INFORMATION SUPPLIED.

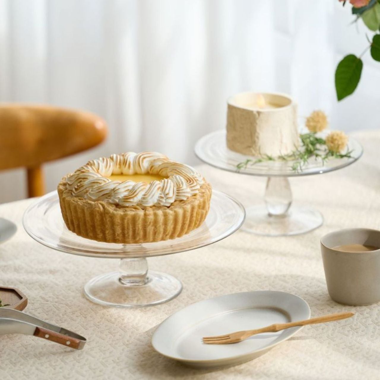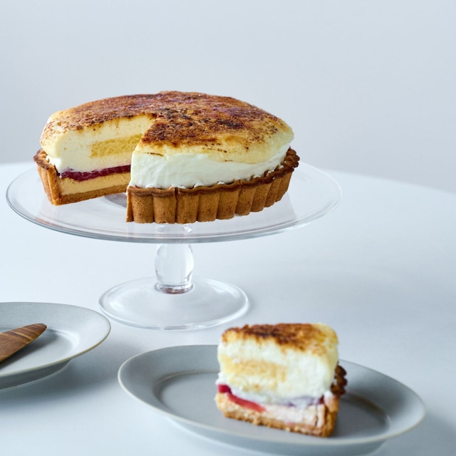 無色透明のシンプルな佇まいは、ケーキの美しさを引き立てる静かな存在感。
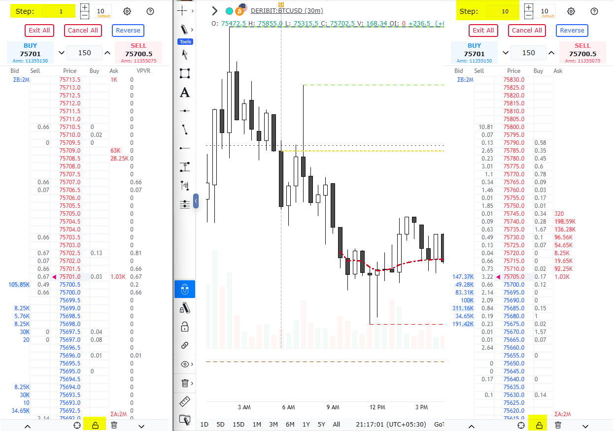 Tick Grouping / Step Adjustment: Currently, the ladder is fixed at tick-by-tick. For high-priced Nifty options or volatile stocks, we need the ability to group ticks/points (e.g., 5-tick/ or 10-tick steps) to see the order flow more clearly, similar to GoCharting. A setting by which bid / ask price increment / difference can be set would be very useful. I am attaching Go-chartings DOM image for your reference.
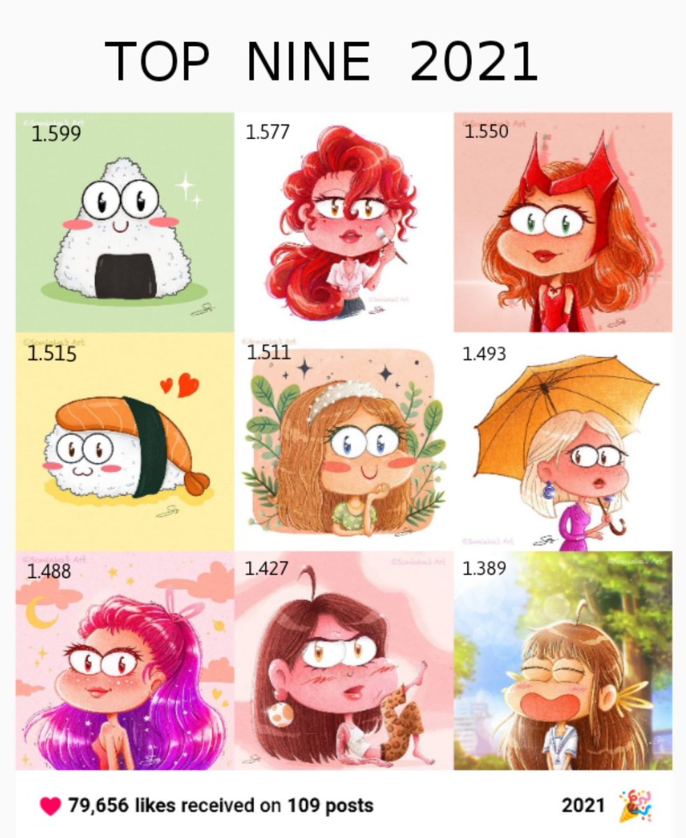 Here's my Best Nine for this 2021! 🤗💓🌺💫 . #SoniakasArt #moniOJOtes #bestnine #bestnine2021 #best9 #top9 #top9of2021 #topnine #topnine2021 #2021bestnine #cartoon #illustration #ilustracion #drawing #dibujo #ipadprocreate #cuteart #cutedrawing #cuteartstyle #artwork #kawaii

PROBLEM. Omit the pictures and output all remaining material exactly.

SOLUTION FOR THIS PROBLEM.
 無色透明のシンプルな佇まいは、ケーキの美しさを引き立てる静かな存在感。
 Tick Grouping / Step Adjustment: Currently, the ladder is fixed at tick-by-tick. For high-priced Nifty options or volatile stocks, we need the ability to group ticks/points (e.g., 5-tick/ or 10-tick steps) to see the order flow more clearly, similar to GoCharting. A setting by which bid / ask price increment / difference can be set would be very useful. I am attaching Go-chartings DOM image for your reference.
 Here's my Best Nine for this 2021! 🤗💓🌺💫 . #SoniakasArt #moniOJOtes #bestnine #bestnine2021 #best9 #top9 #top9of2021 #topnine #topnine2021 #2021bestnine #cartoon #illustration #ilustracion #drawing #dibujo #ipadprocreate #cuteart #cutedrawing #cuteartstyle #artwork #kawaii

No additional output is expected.